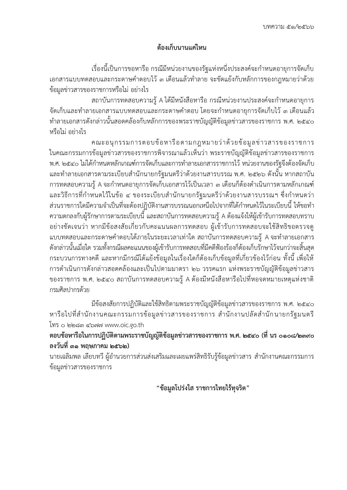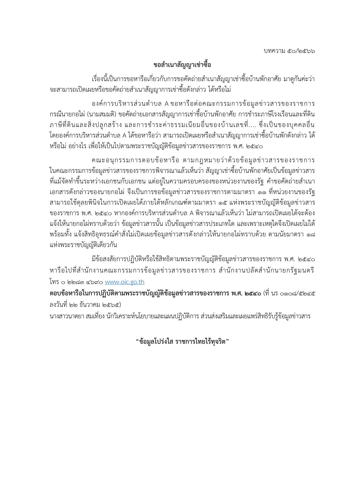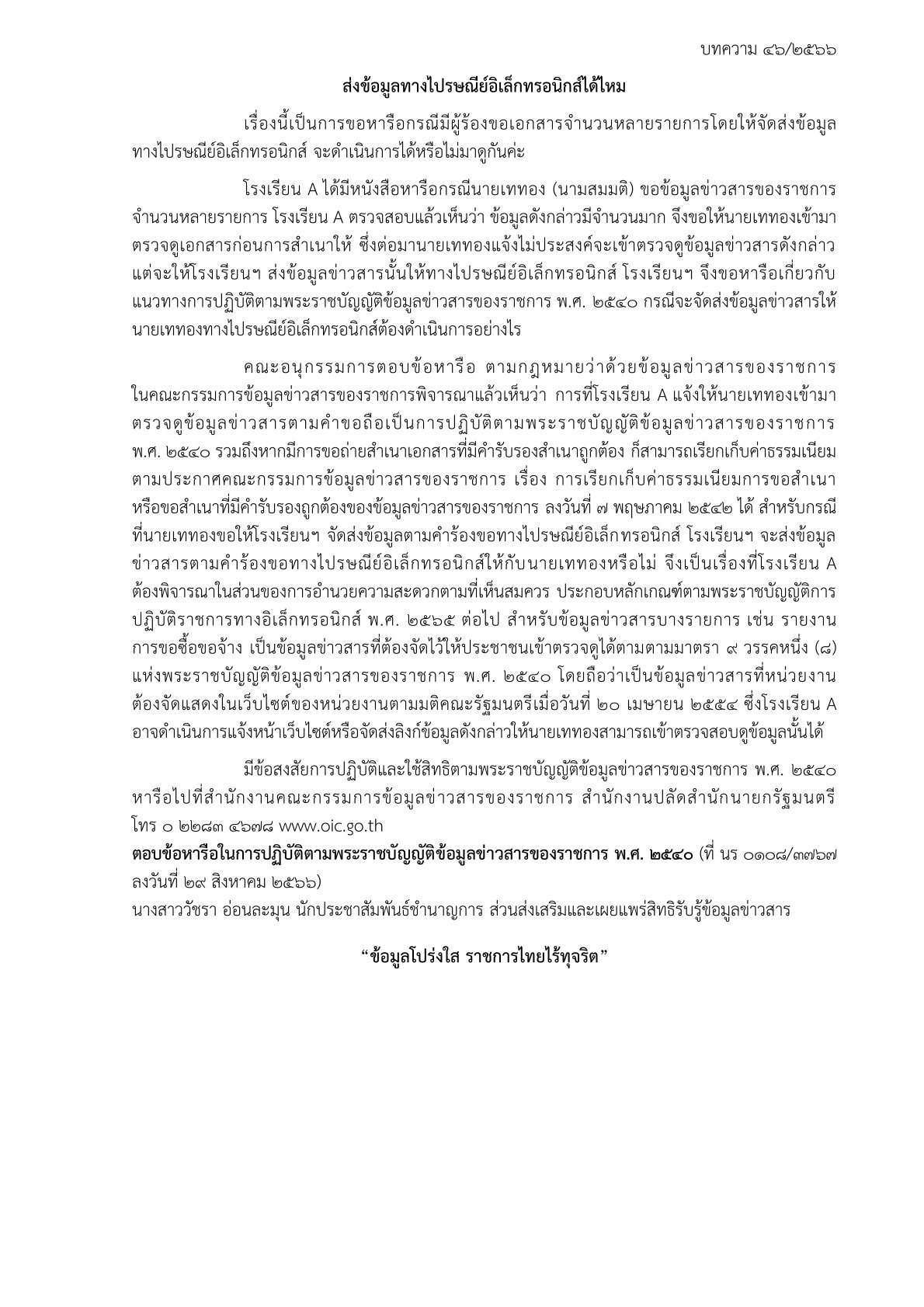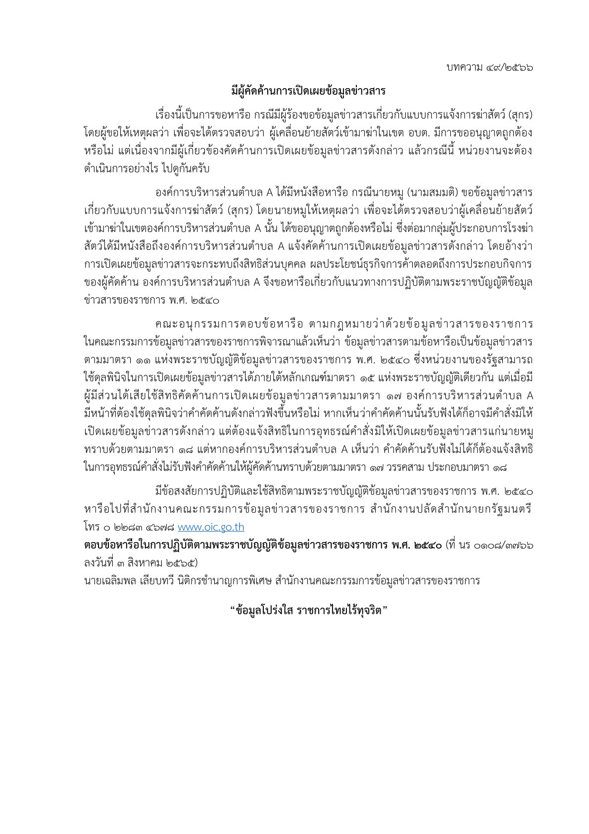 ด้วยสำนักงานปลัดสำนักนายกรัฐมนตรี โดยสำนักงานคณะกรรมการข้อมูลข่าวสารของราชการได้จัดทำบททความสรุปประเด็นคำวินิจฉัยของคณะกรรมการวินิจฉัยการเปิดเผยข้อมูลข่าวสาร และประเด็นข้อหารือ เพื่อเป็นเอกสารเผยแพร่ความรู้เกี่ยวกับพระราชบัญญัติข้อมูลข่าวสารของราชการ พ.ศ. 2540
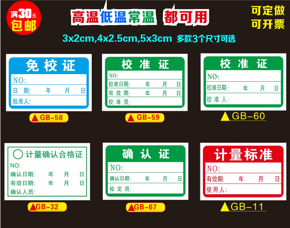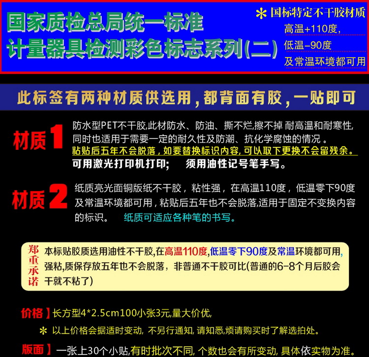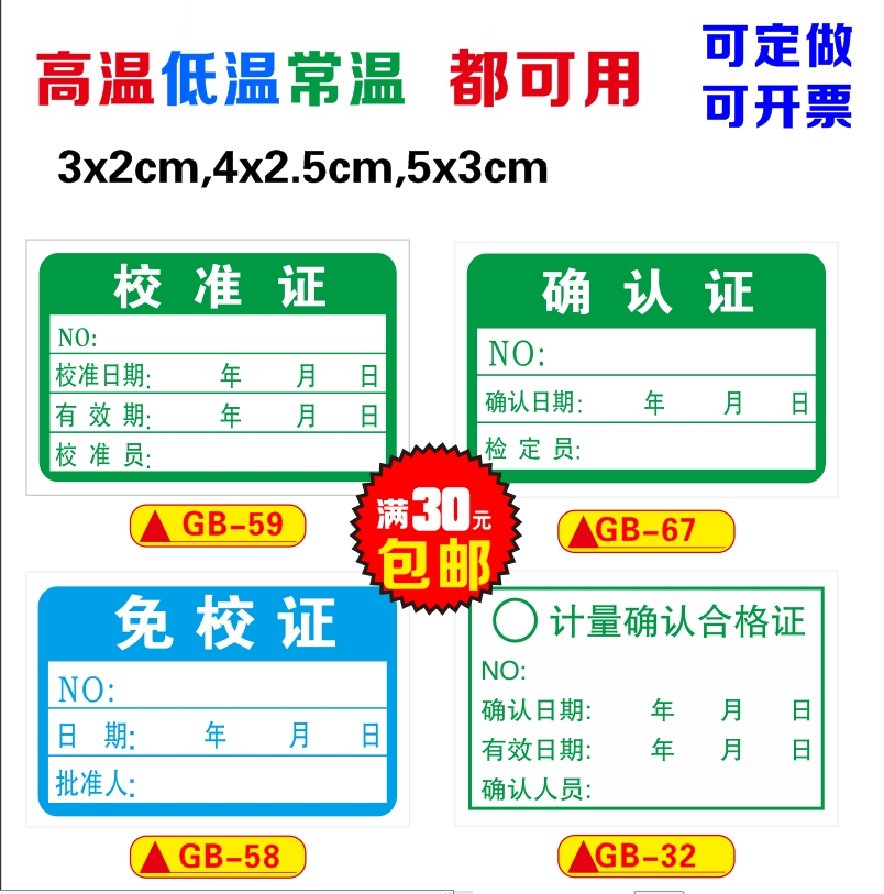 Calibration certificate exemption from school certificate measurement confirmation of conformity of high and low temperature and strong adhesive adhesive sticker check mark can be set
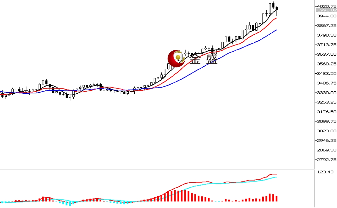 前一个交易日,白盘时段,黄金早盘多次回踩4000美元关口止跌回升,午后震荡上行为主,日内走V型。晚盘时段,行情上行至前高4058美元一带转跌,价格跌破白盘低点出现加速下挫,盘中打破多个支撑位,价格最低至3944.77美元,日图收中大阴线。均线系统多头排列,运行在价格下方形成支撑。MACD指标快慢线零轴上方现金叉,做多的动能减弱。黄金上行趋势不变,日图形成阴包阳反转信号,周内连阳被终结。行情高位调整的力度有所增强,短期偏向震荡下行,操作上高抛为主。
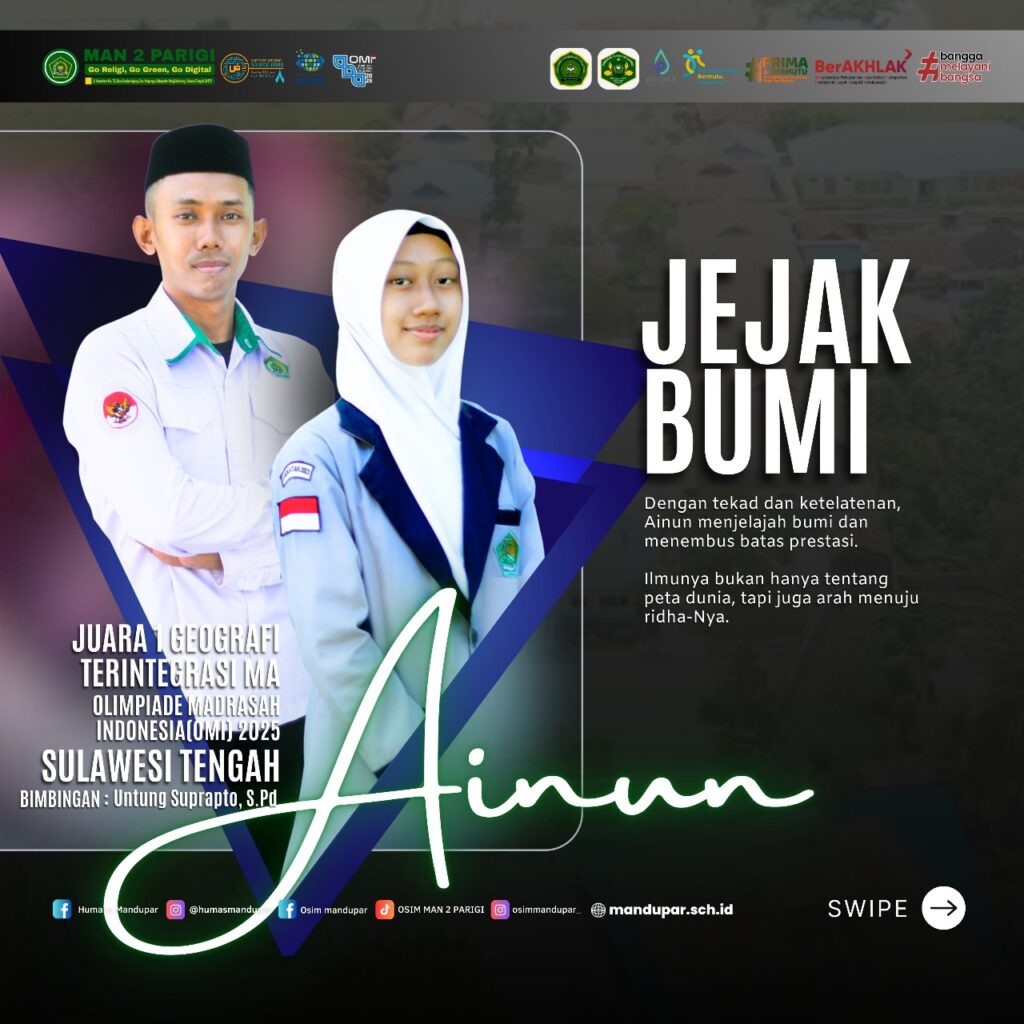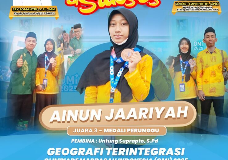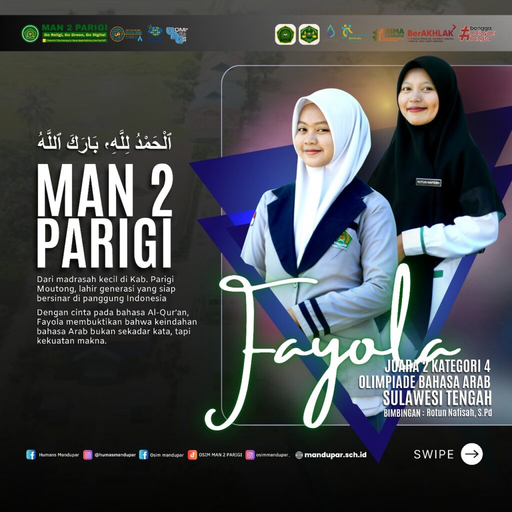 MAN 2 Parigi (22/11)—MAN 2 Parigi menerima penghargaan sebagai Madrasah Peserta Olimpiade Madrasah Indonesia (OMI) Tingkat Nasional sekaligus Madrasah Peraih Medali Perunggu Tingkat Nasional Tahun 2025. Penghargaan tersebut diberikan pada kegiatan Rapat Koordinasi Program Hasil Terbaik Cepat (Rakor PHTC) yang digelar di Hotel Estrella, Luwuk Banggai, pada 21 November 2025.
....................
> TASK ITEM
Look above for the line with "Calibration certificate exemption" and the line with "前一个交易日,白盘时段,黄金", then copy them and all lines in between exactly as written, and only those, without any pictures.

> PROBLEM SOLUTION
 Calibration certificate exemption from school certificate measurement confirmation of conformity of high and low temperature and strong adhesive adhesive sticker check mark can be set
 前一个交易日,白盘时段,黄金早盘多次回踩4000美元关口止跌回升,午后震荡上行为主,日内走V型。晚盘时段,行情上行至前高4058美元一带转跌,价格跌破白盘低点出现加速下挫,盘中打破多个支撑位,价格最低至3944.77美元,日图收中大阴线。均线系统多头排列,运行在价格下方形成支撑。MACD指标快慢线零轴上方现金叉,做多的动能减弱。黄金上行趋势不变,日图形成阴包阳反转信号,周内连阳被终结。行情高位调整的力度有所增强,短期偏向震荡下行,操作上高抛为主。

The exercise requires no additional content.